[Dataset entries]
● ● ● ● ●
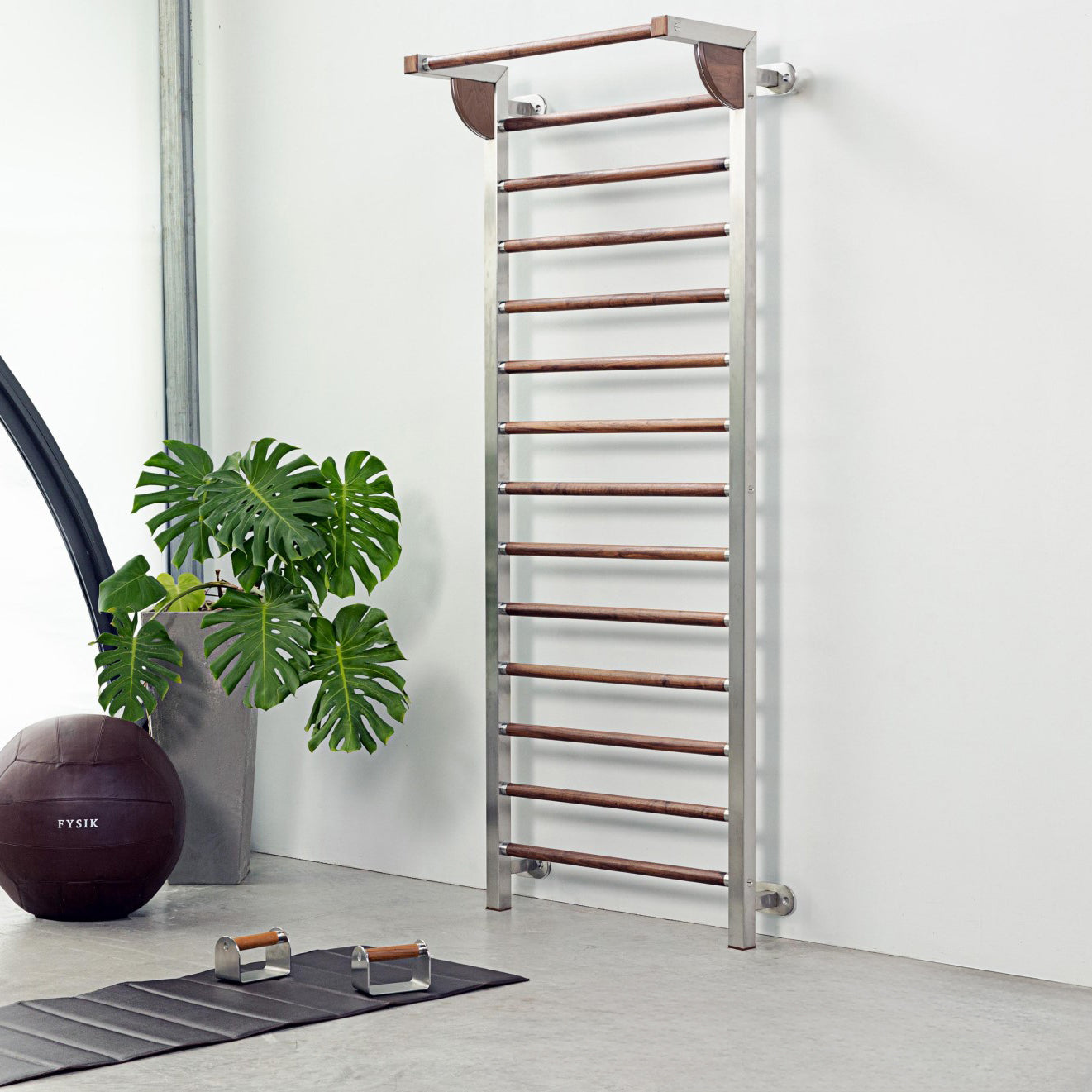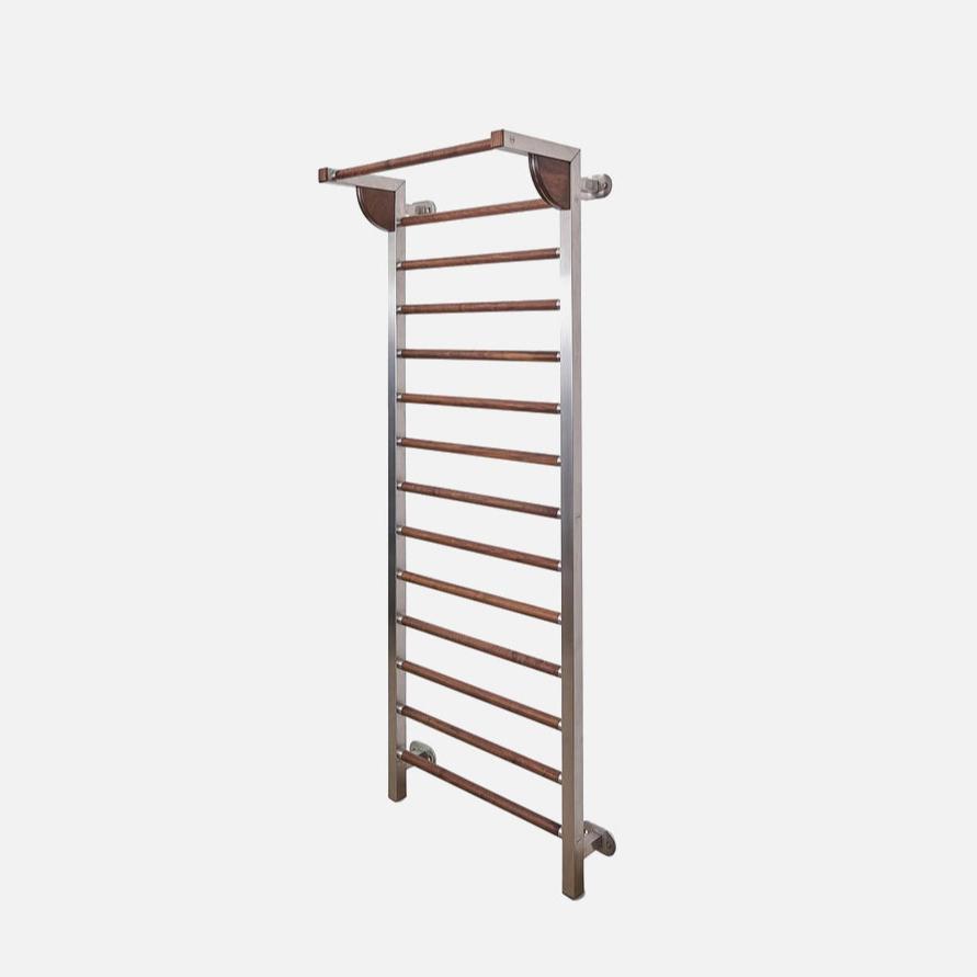 This is our interpretation of the stall bar — an iconic piece of exercise equipment that has stood the test of time, and we tip our hat to its Swedish inventor. Crafted with a stainless steel frame and reinforced horizontal bars made from solid wood, it’s designed to support recovery, calisthenics training, or simply to be enjoyed as is, with its living room-proof design.
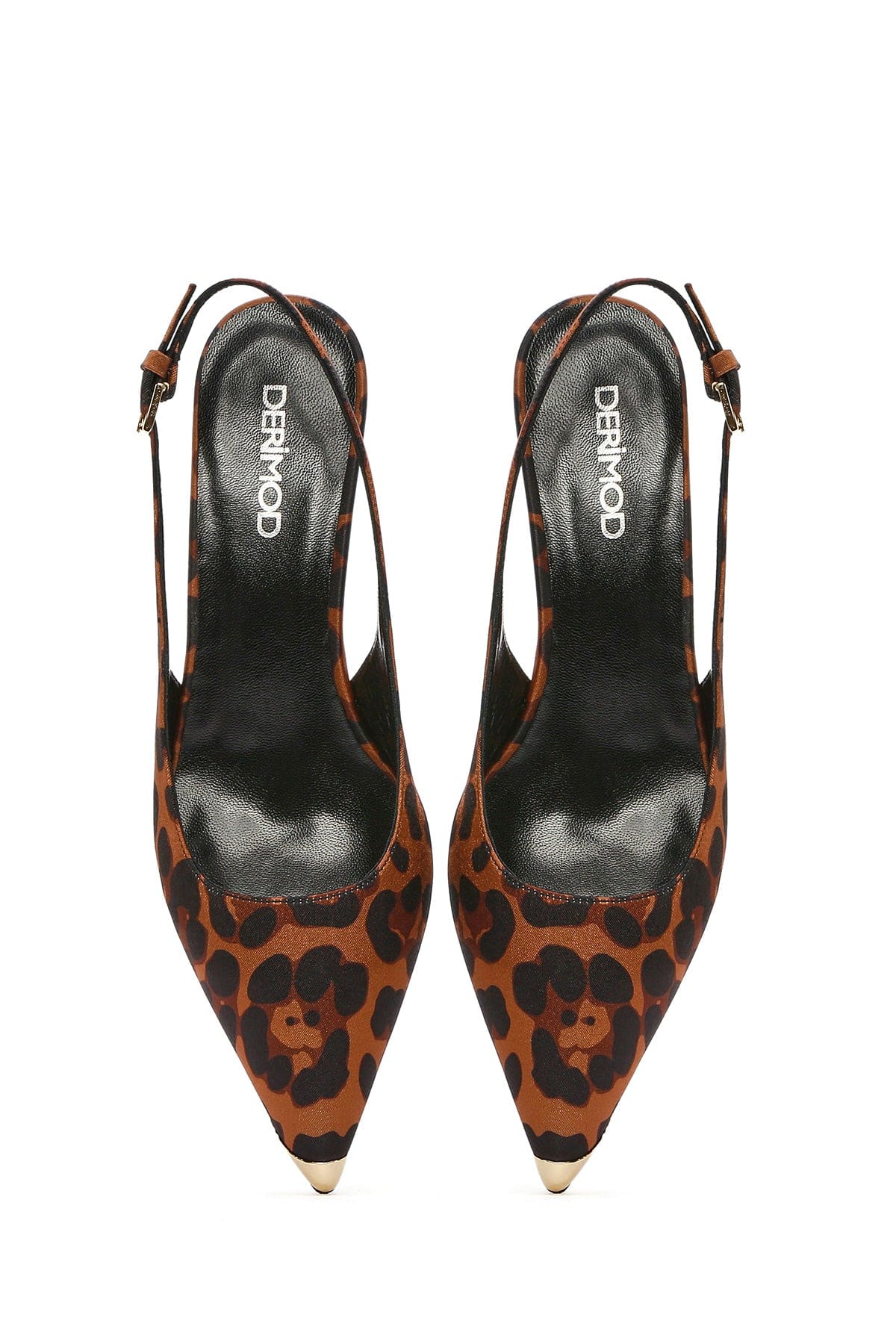 Kadın Leopar Desenli Arkası Açık Saten Kısa İnce Topuklu Deri Ayakkabı
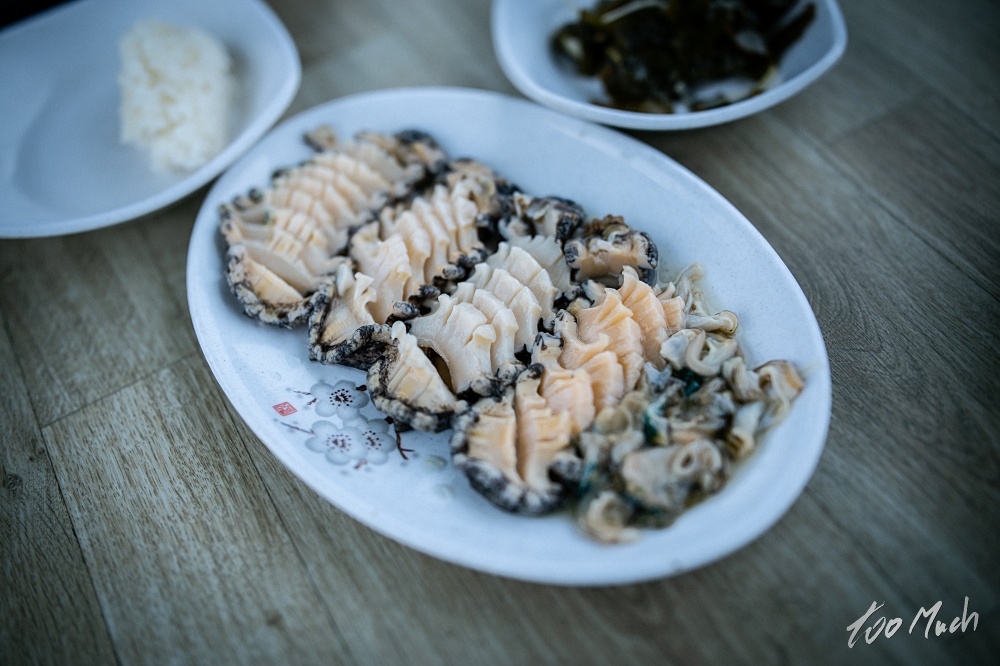 우리는 전복과 물회(성게 + 해삼 + 소라)를 시켰고, 전복죽도 함께 시켰다. 와이프가 전복죽을 좋아하고, 전복회를 좋아한다. 이상하게 익힌 전복은 별로 좋아하지 않는 편이다. 반면, 나는 가리는 것 없이 다 잘 먹으며, 회를 좋아한다.
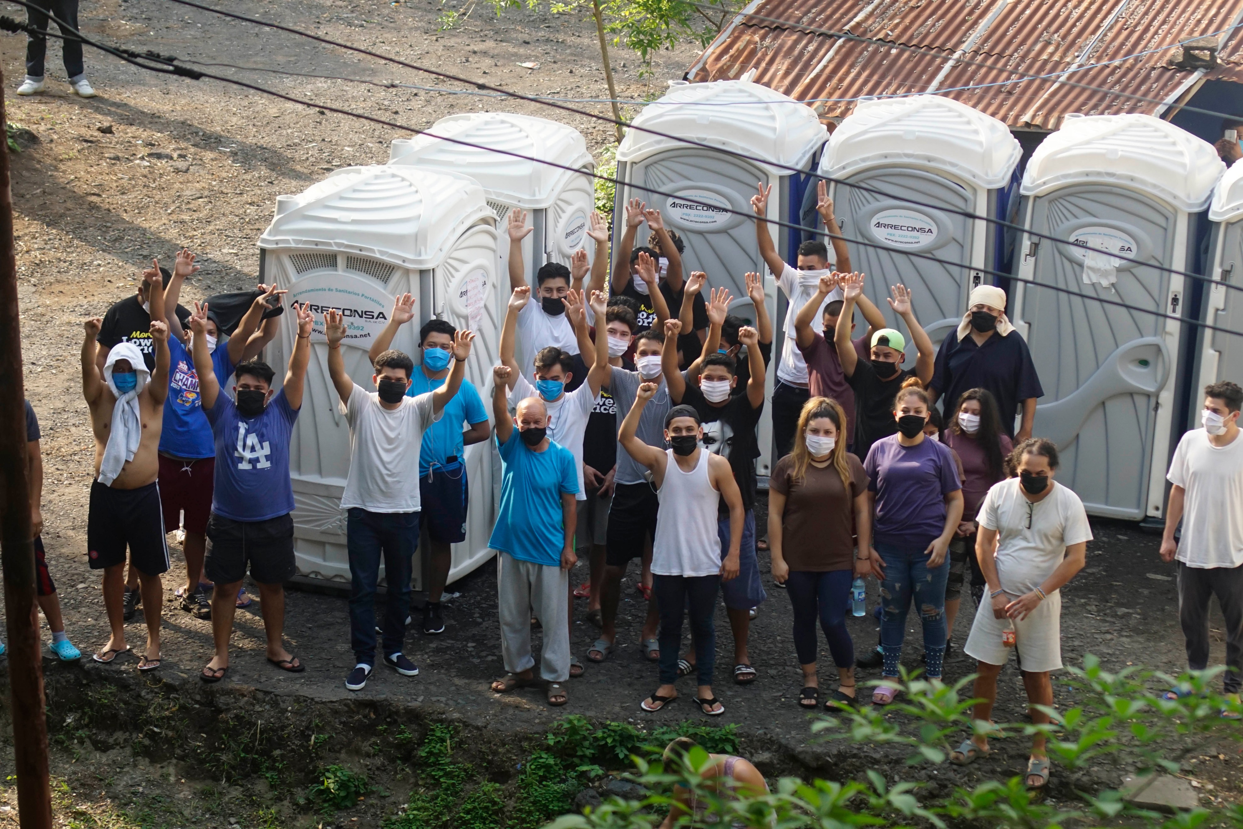 2020年5月17日,在萨尔瓦多首都圣萨尔瓦多,被从美国遣返回萨尔瓦多的移民在一处集中隔离点内招手。(新华社发,亚历山大·培尼亚摄)
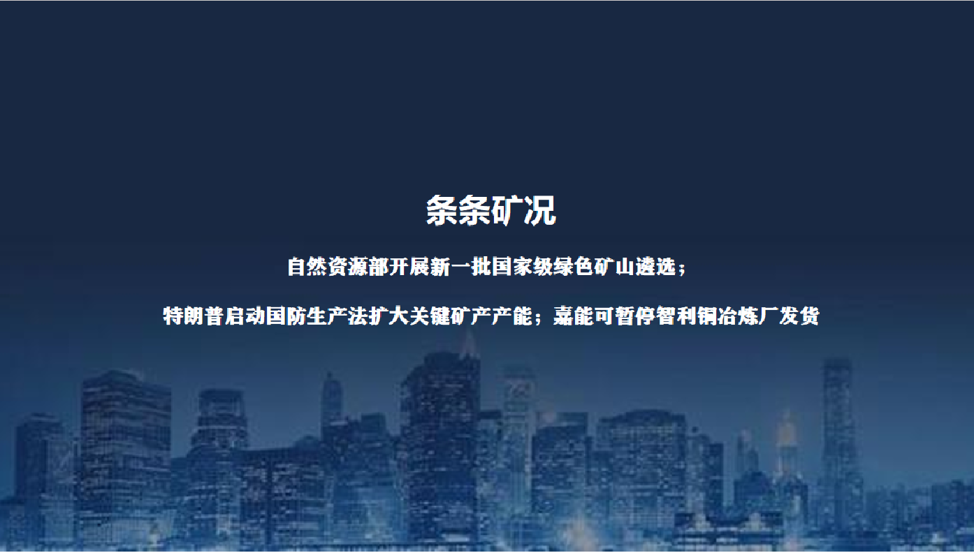條條礦況|自然資源部開展新一批國家級綠色礦山遴選;特朗普啟動國防生產(chǎn)法擴大關鍵礦產(chǎn)產(chǎn)能;嘉能可暫停智利銅冶煉廠發(fā)貨
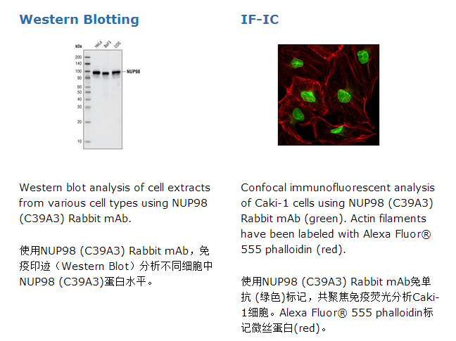 NUP98 (C39A3) Rabbit mAb兔单抗检测内源性NUP98总蛋白。通过人工合成人源NUP98蛋白Pro671位点周围相应的多肽片段去免疫动物从而制备出单克隆抗体。NUP98 (nucleoporin 98 kDa)是核孔复合物的一个成员。首先以三种不同的前体表达,随后这个前体经历自动剪切产生一个共同的氨基端98 kDa大小的多肽(NUP98)和羧基端6, 96 (NUP96)和88 (p88) kDa大小的多肽(1-2)。NUP98蛋白在它的氨基端含有FG和GLFG重复结构域和它的羧基端含有一个RNA结合域(3)。NUP98基因定位在chromosome 11p15.5,该区域在白血病中频繁地重新排列。迄今,对于NUP98蛋白已经确认15个融合伴侣 (4-5)。
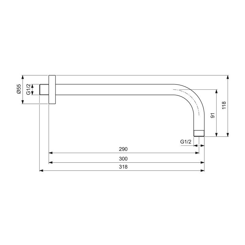 Βραχίονας τοίχου μήκους 30 cm για σύνδεση κεφαλής/κώδωνα ντους. Κατασκευασμένος από ορείχαλκο σε χρωμέ φινίρισμα και γυαλιστερή επιφάνεια. Συνδέσεις 1/2 ίντσας.
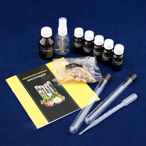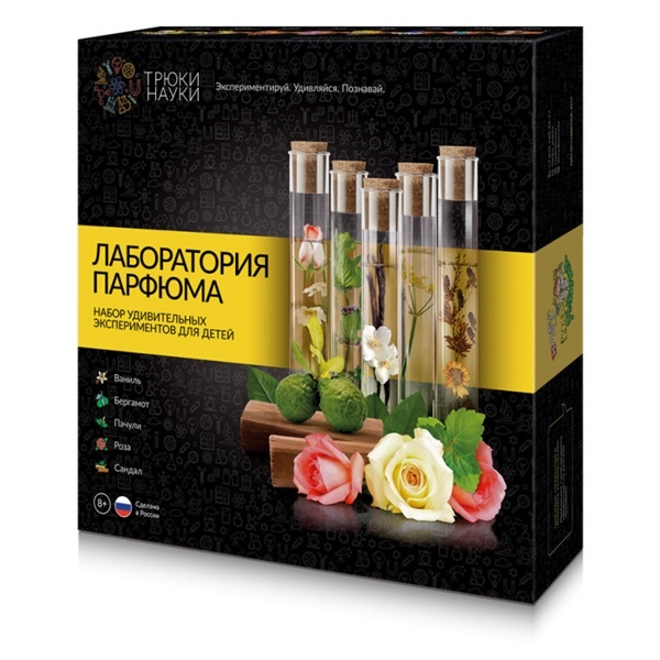 Набор химических экспериментов для детей, в который входят ингредиенты для многократного приготовления парфюмов на основе эфирных масел: "Бергамот", считается одним из самых востребованных в парфюмерии, благодаря способности сливаться со множеством других ароматов; "Ваниль", невероятно аппетитный, но в то же время чувственный и утонченный аромат; "Пачули", обладает богатым мускусно земляным ароматом с древесным оттенком, используется как базовая нота в парфюмах; "Роза", роскошный, обворожительный, невероятно женственный и нежный аромат, ноты которого присутствуют практически в любом цветочном парфюме. "Сандал", дающий древесный, смолистый, насыщенный аромат; не сильный, не кричащий, без резких нот, но очень стойкий.
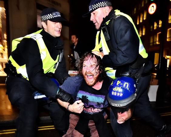 Several bloodied people were seen being treated by emergency crews and mounted officers formed human shields around sections of Westminster closed off to surging protesters.
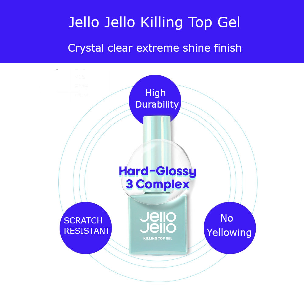 Experience the ultimate in luxury with the Jello Jello Killing Top Gel, boasting a for a lasting beauty. With a medium viscosity and no-wipe type, this top gel is perfect for creating a look that is effortlessly exquisite.
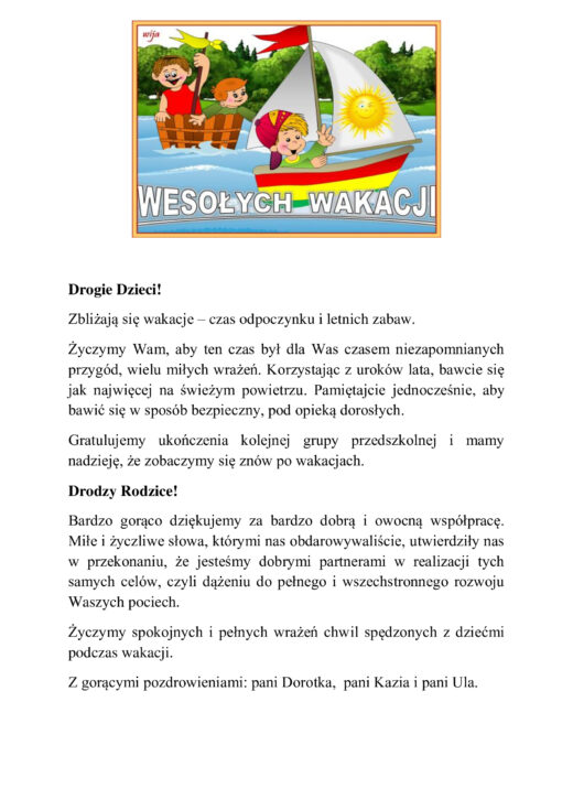 Wyruszamy na wakacje – piątek 26. 06
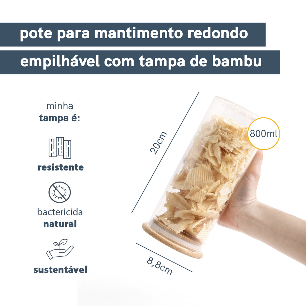 Pote de Mantimentos Empilhável com Tampa de Bambu 800ml - Oikos 800ml
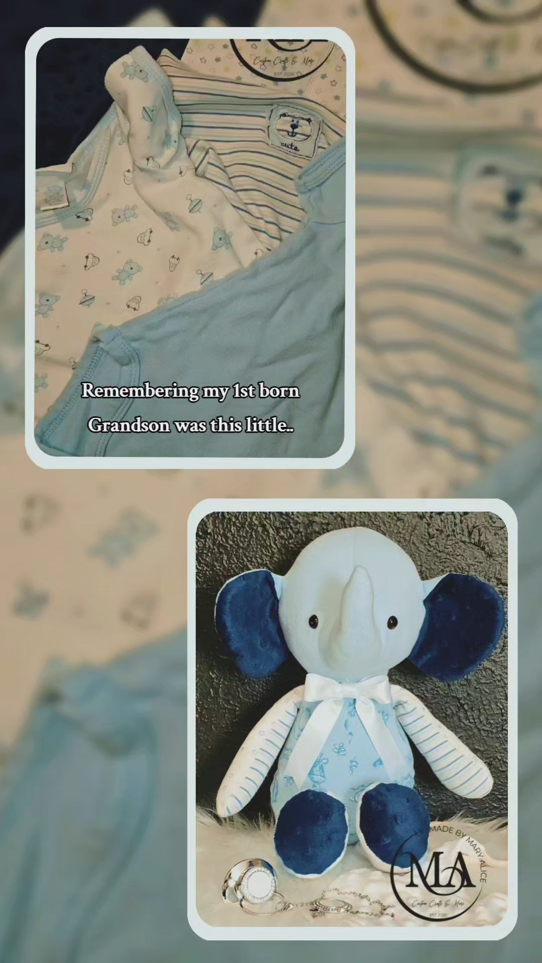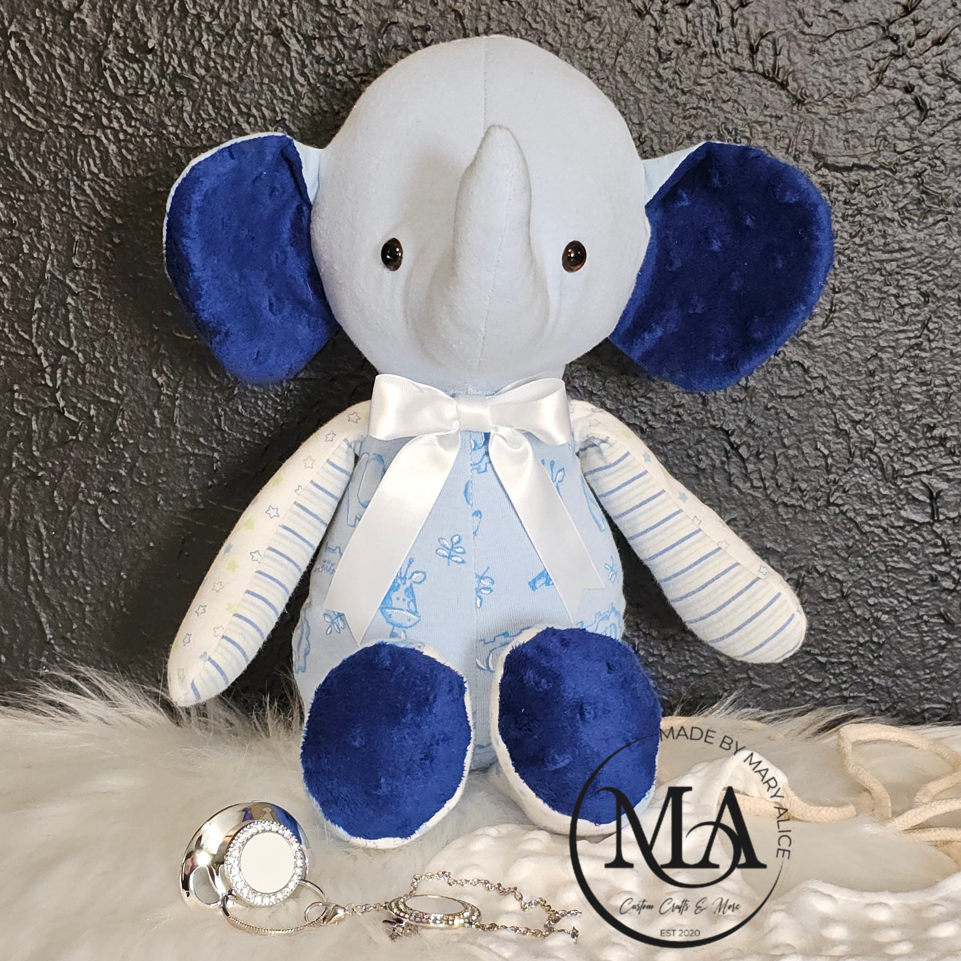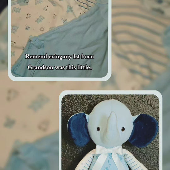 Preserve your child's precious memories with our Elephant Keepsake. Made from a minimum of 8 (at least 3-6 months) of their cherished garments or baby blankets. This elephant keepsake is the perfect way to hold onto special moments. Simply provide the garments and we'll do the rest.
● ● ● ● ●
• _PROBLEM_: Leave out the pictures, and retype exactly the lines from the one containing "Wyruszamy na wakacje – piątek 26. 06" through the last line of the data above, no more and no less.

• _YOUR RESPONSE_:
 Wyruszamy na wakacje – piątek 26. 06
 Pote de Mantimentos Empilhável com Tampa de Bambu 800ml - Oikos 800ml
 Preserve your child's precious memories with our Elephant Keepsake. Made from a minimum of 8 (at least 3-6 months) of their cherished garments or baby blankets. This elephant keepsake is the perfect way to hold onto special moments. Simply provide the garments and we'll do the rest.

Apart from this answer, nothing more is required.